Recorded information:
★ ★ ★ ★ ★ ★ ★

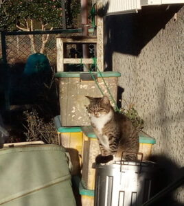 掘立小屋のビニールの向こうではクロスケ、曲がり君、はっちゃんが遊んでいます。右は日向ぼっこのうめ婆ちゃんです。『失礼ね、未だ三歳よ!』
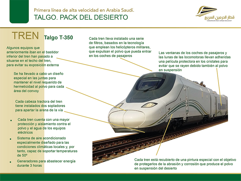 Los 35 trenes Talgo Haramain, serie Talgo 350 SRO, fabricada ya en su totalidad, que ya han recorrido en pruebas 430.000 kilómetros, están adaptados al clima extremo y la geografía de uno de los entornos más hostiles del planeta.
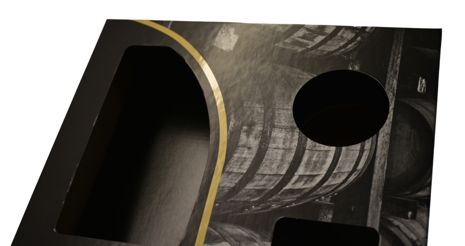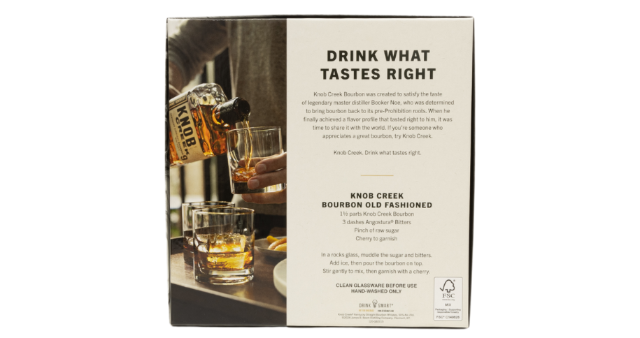 The rigid box was constructed from a 50pt kraft chipboard, wrapped in an 80lb label stock printed sheet for a premium finish. The insert was made from E flute laminated with 12pt SBS, ensuring both strength and a refined appearance. In alignment with Knob Creek’s commitment to sustainability, all materials used were FSC®-certified and recyclable. (FSC® C149826)

★ ★ ★ ★ ★ ★ ★

Work to be completed: Return each line above word for word. Skip the pictures.

Your solution:
 掘立小屋のビニールの向こうではクロスケ、曲がり君、はっちゃんが遊んでいます。右は日向ぼっこのうめ婆ちゃんです。『失礼ね、未だ三歳よ!』
 Los 35 trenes Talgo Haramain, serie Talgo 350 SRO, fabricada ya en su totalidad, que ya han recorrido en pruebas 430.000 kilómetros, están adaptados al clima extremo y la geografía de uno de los entornos más hostiles del planeta.
 The rigid box was constructed from a 50pt kraft chipboard, wrapped in an 80lb label stock printed sheet for a premium finish. The insert was made from E flute laminated with 12pt SBS, ensuring both strength and a refined appearance. In alignment with Knob Creek’s commitment to sustainability, all materials used were FSC®-certified and recyclable. (FSC® C149826)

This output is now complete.